Protein Science
Biomolecular Research Facility
The Biomolecular Research Facility offers a range of analytical services listed below to study proteins and peptides.
Services:
Protein sequencing
The BRF can perform sequence analysis by mass spectrometry and Edman chemistry. For identification of proteins and obtaining sequence data for probe design, mass spectrometry sequencing of a protein from a gel is the more efficient procedure because of the sensitivity,analysis time and relatively simple sampe preparation. For some analyses, namely determination of the N-terminal, identifiying a proteolysis site, sequencing of proteins blotted to PVDF and analysis of radioactive samples, Edman sequencing is the preferred technique. For further information, contact Dr. Nicholas Sherman 924-0070 or Dr. John Shannon.

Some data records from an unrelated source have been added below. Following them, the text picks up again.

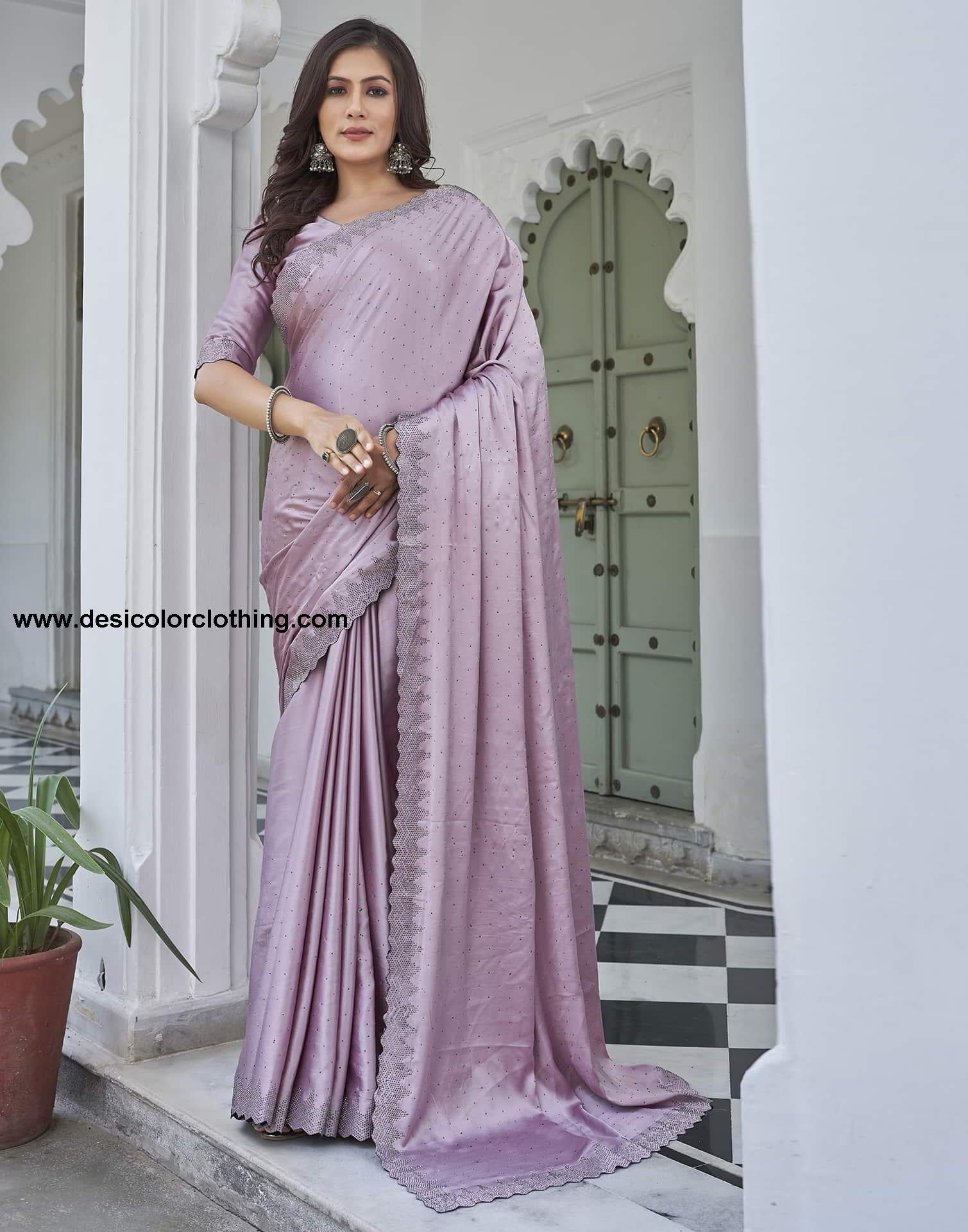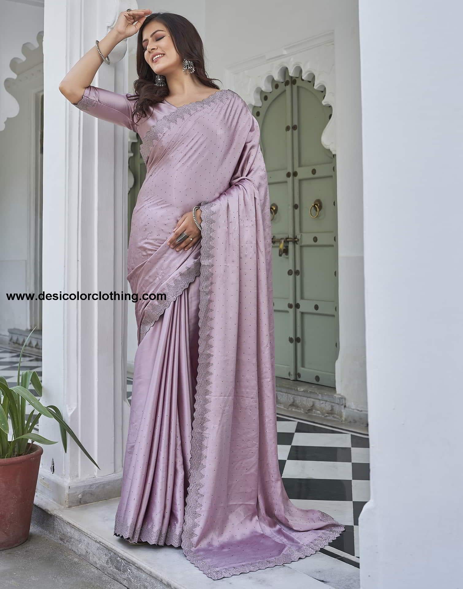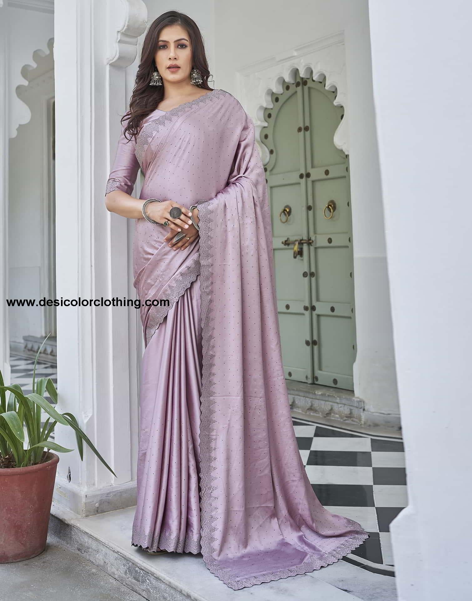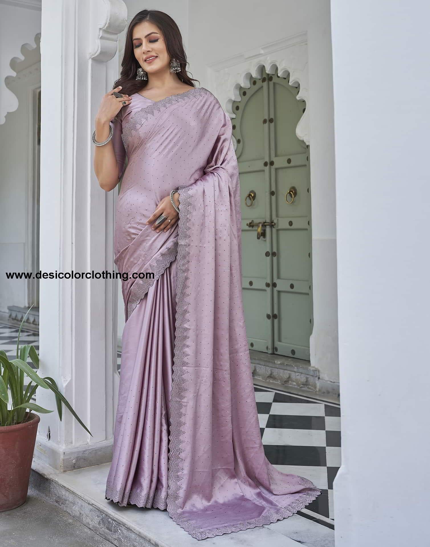 Pink Swarovski Satin Plain Saree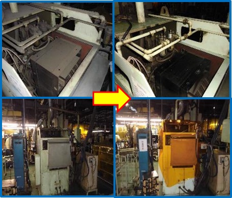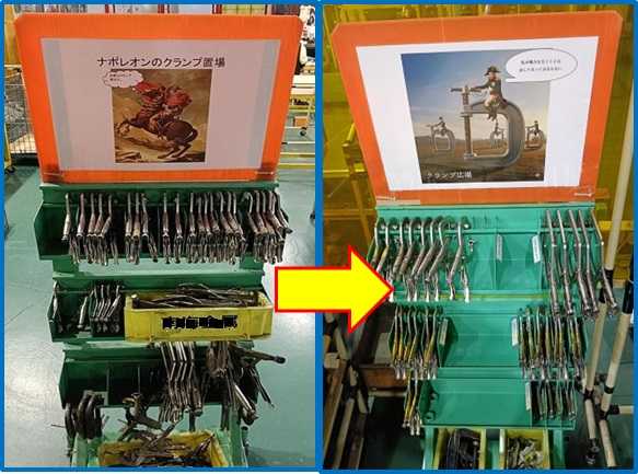 | ナポレオンのクランプ置場は構造上、クランプを出す際に引っ掛かり易くスムーズに出せない。区分けが無く乱雑に置かれている。作業者と上司に相談して、使用する予定のないクランプを破棄した。クランプ置場をスムーズに出し入れできる構造に変更し、表示を付けて種類ごとに区分け改善を行なった。 | |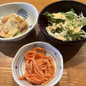 小鉢がこんなについて、ご飯も少なめにしてもらったけど多い〜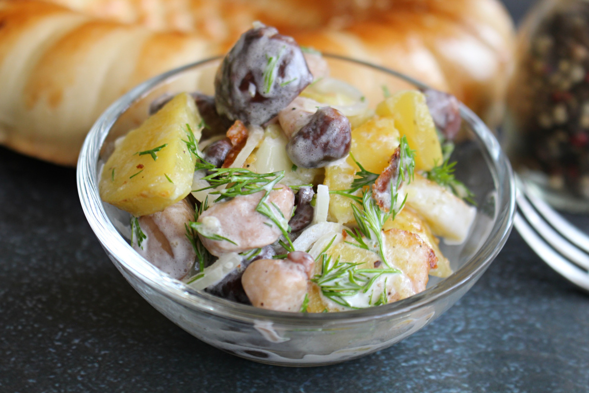 Картофельный салат с белыми грибами — это не просто закуска. Этот блюдо можно смело подать на обед или ужин. Оно не только сытное, но и насыщенное, с удивительным ароматом. Готовить его очень просто, а вот ингредиенты могут варьироваться по желанию.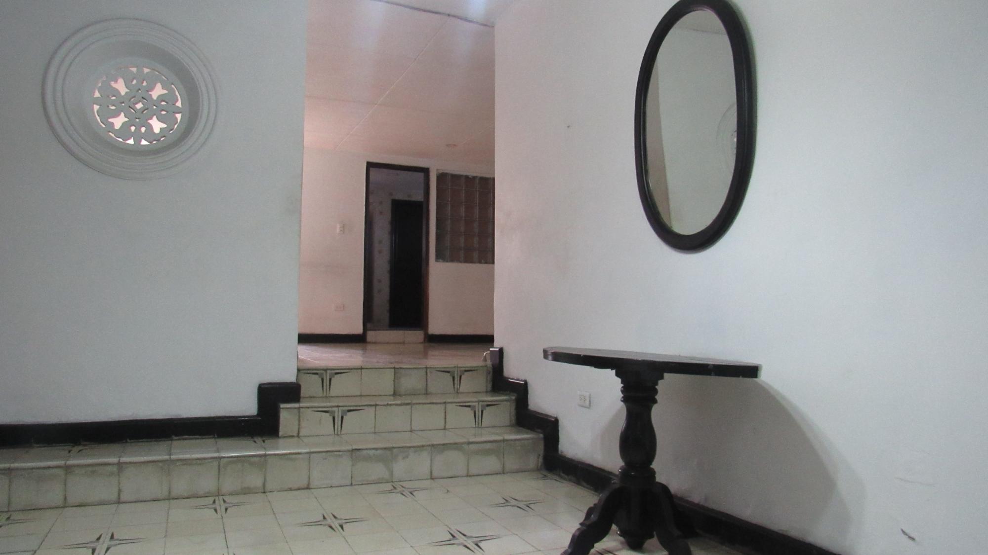 House for sale in a commercial corridor, in good condition, traditional construction, front yard, garage, living room, hallway, 3 bedrooms, 2 bathrooms, kitchen, laundry area, patio, bedroom with independent entrance from the street. Polished cement tile floors, corrugated Eternit roof.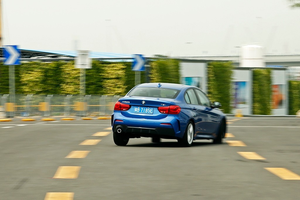 关于操控问题,我们先是做了麋鹿测试,宝马1系的整个车身侧倾其实不算大,车身姿态大幅度转弯,车内的摇晃感受不强,左右悬架的支撑可以在行程内快速强力支撑,转弯信心较足,让你感受到一丝宝马的基因特点。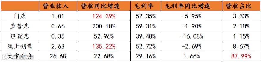 根据上表可知,公司的收入主要来源于大宗业务,营收占比达87.99%,但是,大宗业务的毛利率仅为29.16%。门店和线上销售的毛利率分别可达52.35%和52.72%,虽然,这两类渠道的营收占比不高,但是增速均达100%以上。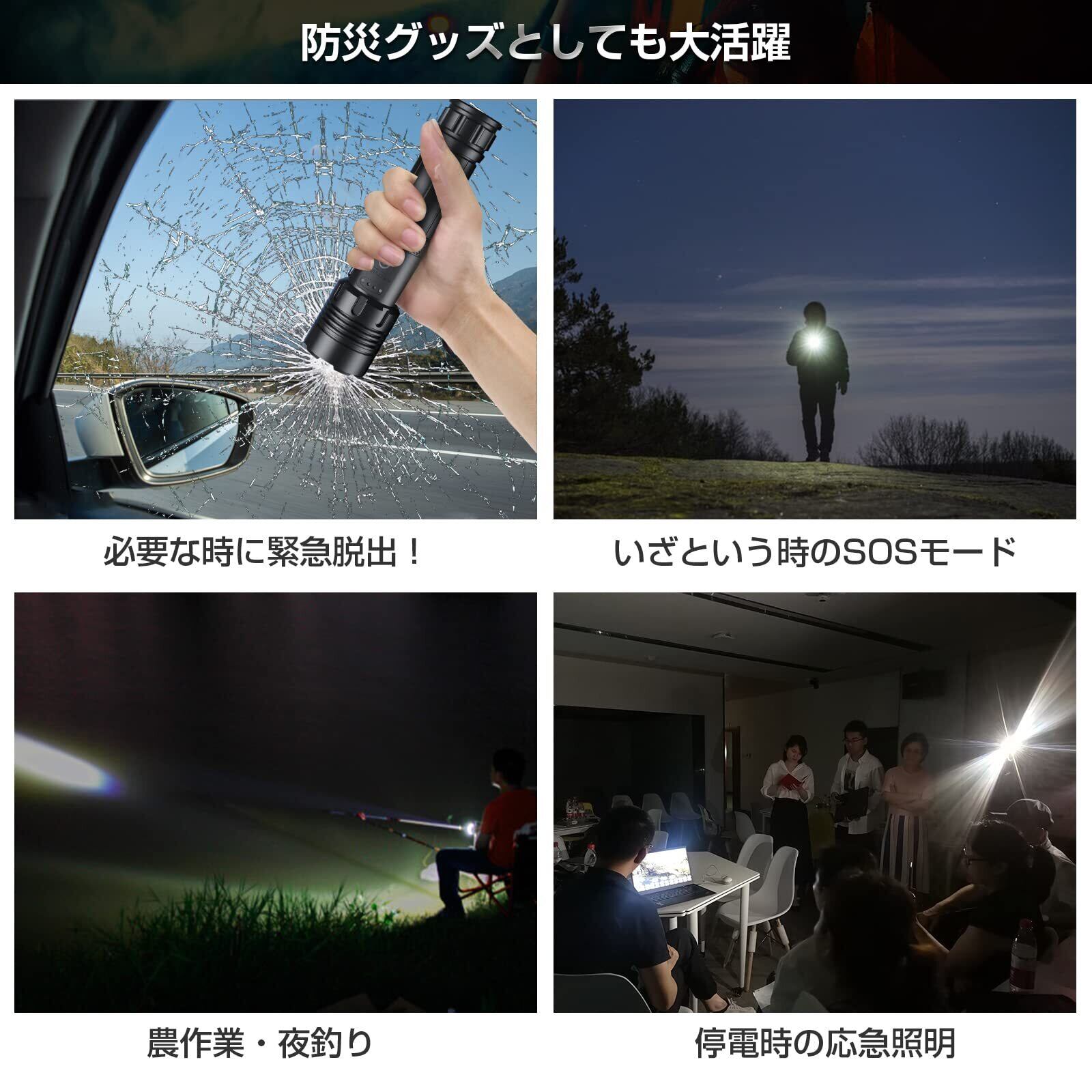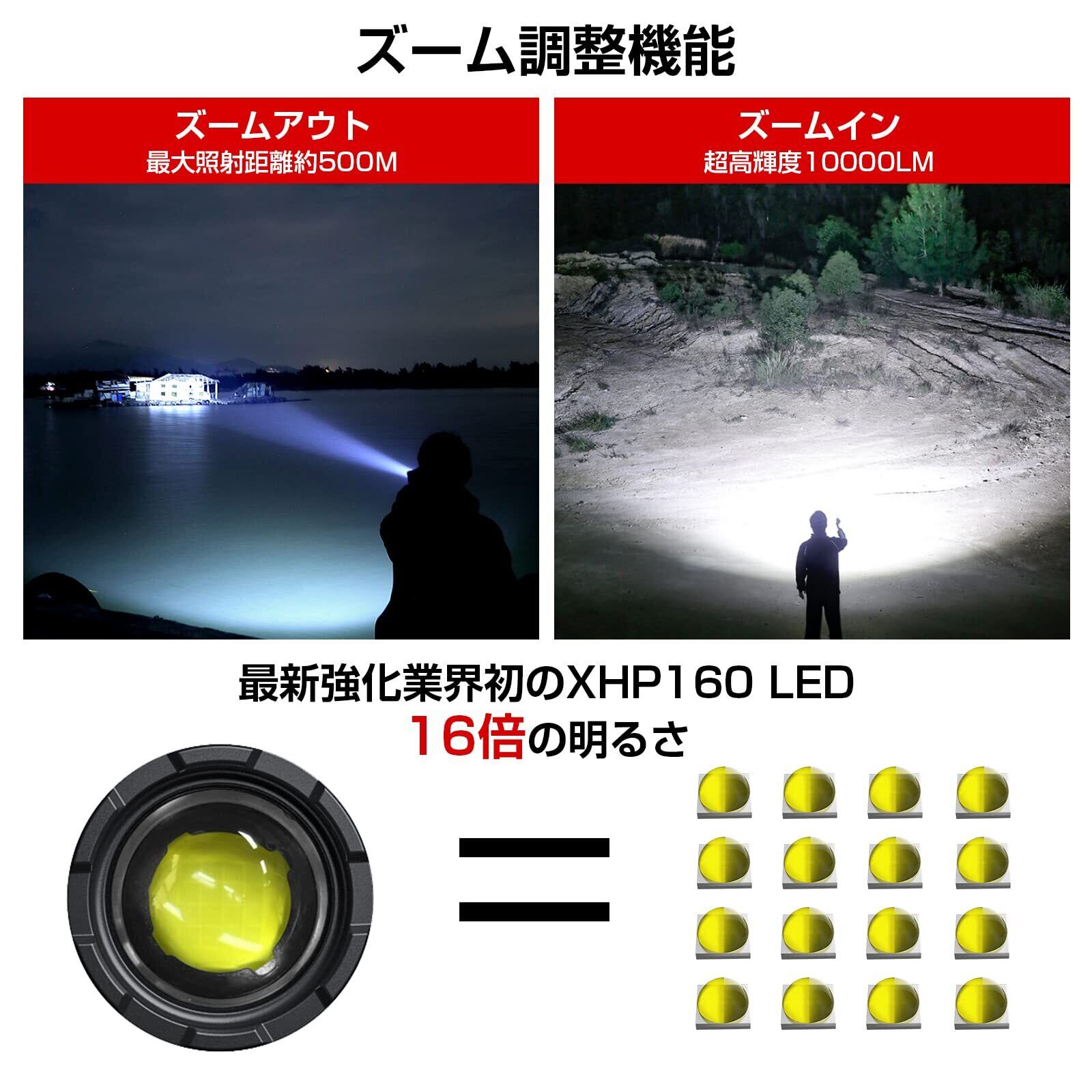 Eornmor 懐中電灯 強力【防災士監修・超高輝度・XHP160チップ】5000mAh 26650バッテリー付 軍用 最強 Type-C充電式/電池式 単4電池適用 ハンディライト COB作業灯 IPX6防水 7モード調光 ズーム式 耐衝撃 残量表示機能 作業用 停電 地震 避難対策 防災グッズ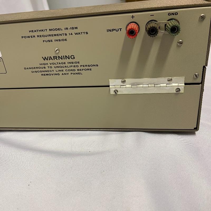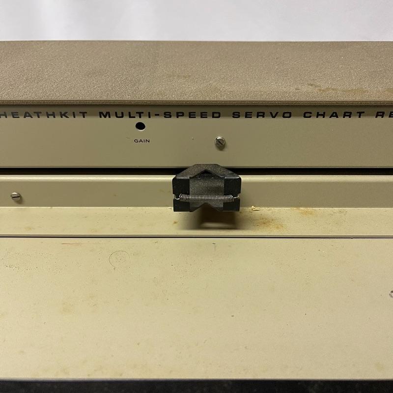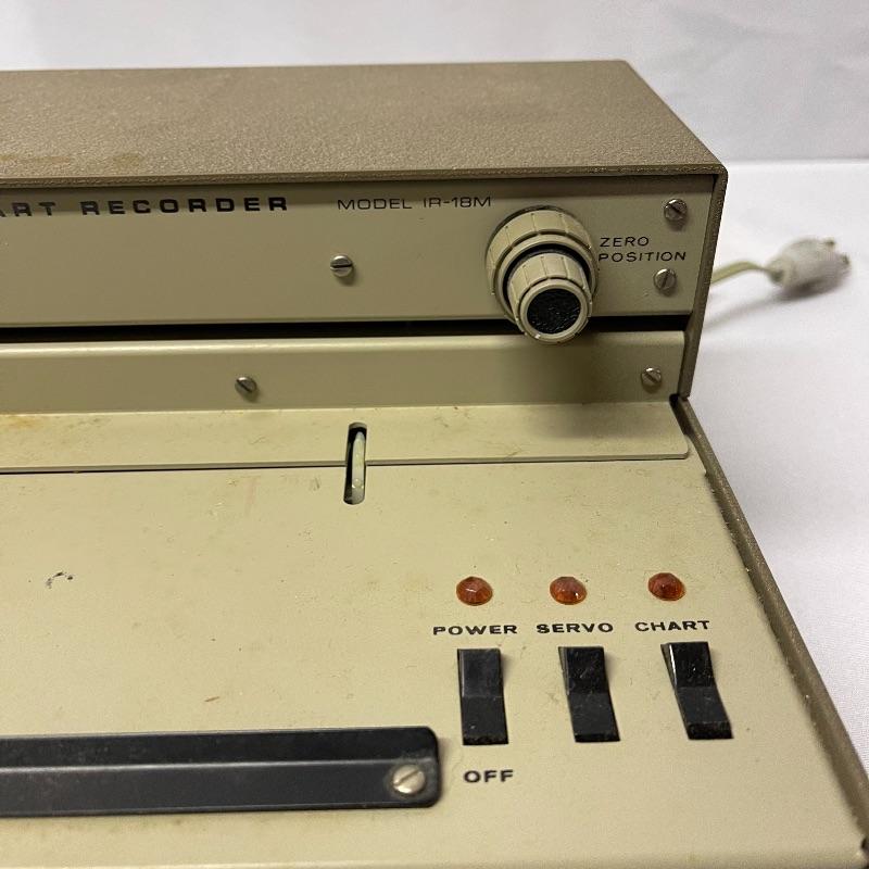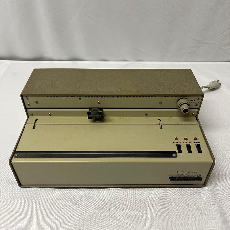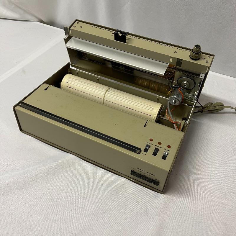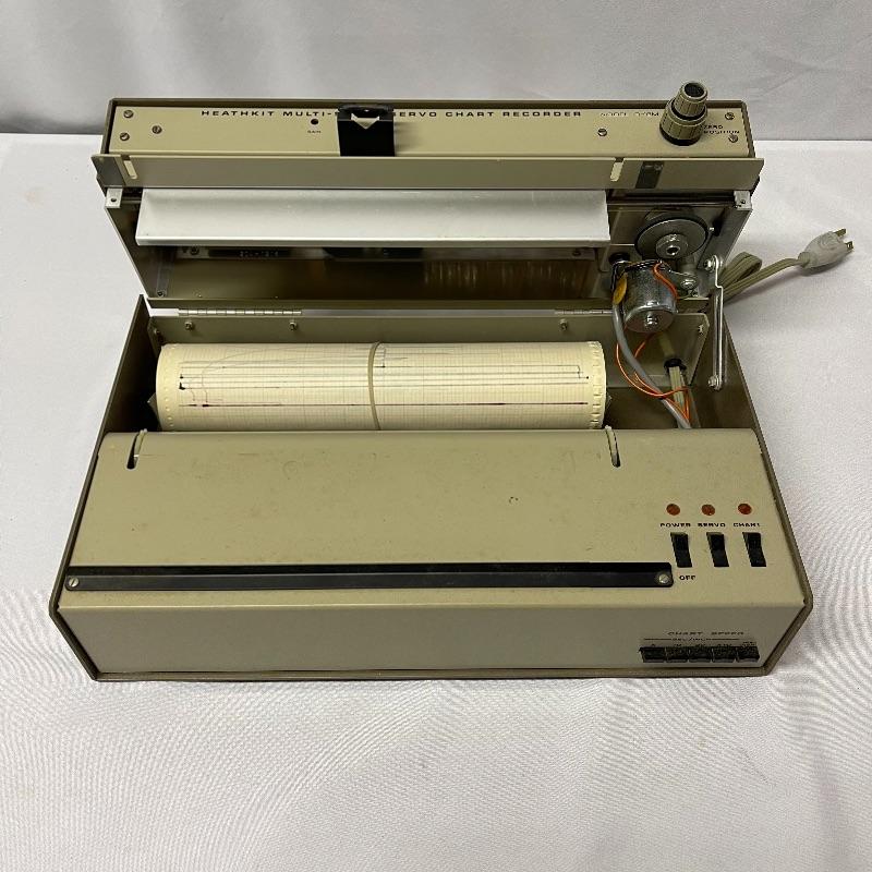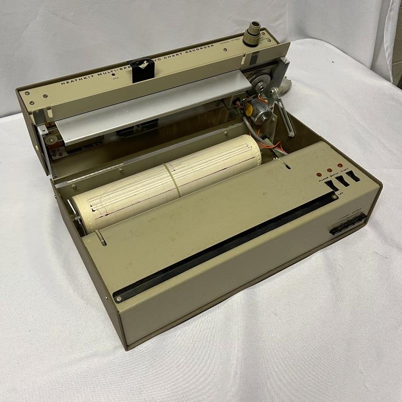 Heathkit Multi-Speed Servo Chart Recorder with a roll of paper inside. The model number is IR-18M. When plugged in, it powered on.

Protein sequencing by mass spectrometry
Mass spectrometry can give sequence data from any Coomassie stained band or gel spot. The protein is digested with trypsin in the gel, peptides eluted and fractionated by reverse phase chromatography and introduced into the mass spectrometer. The mass spectrometer determines the mass of the peptides and the sequence (by collisionally induced dissociation). From the masses of the peptide fragments, sequence data is determined by comparison with known sequences or by manual interpretation.
Identifying and sequencing proteins in gels has been very successful here. Electrophoresis eliminates impurities and shows the purity of the protein; immobilization of the protein in the gel allows reduction, alkylation and washing of the protein. Tryptic digestion is the standard procedure for producing peptides because of the reliability of the digestion and production of suitable sized peptides which behave well in a mass spectrometer. Using autolysis resistant trypsin gives only a few well known autolysis products.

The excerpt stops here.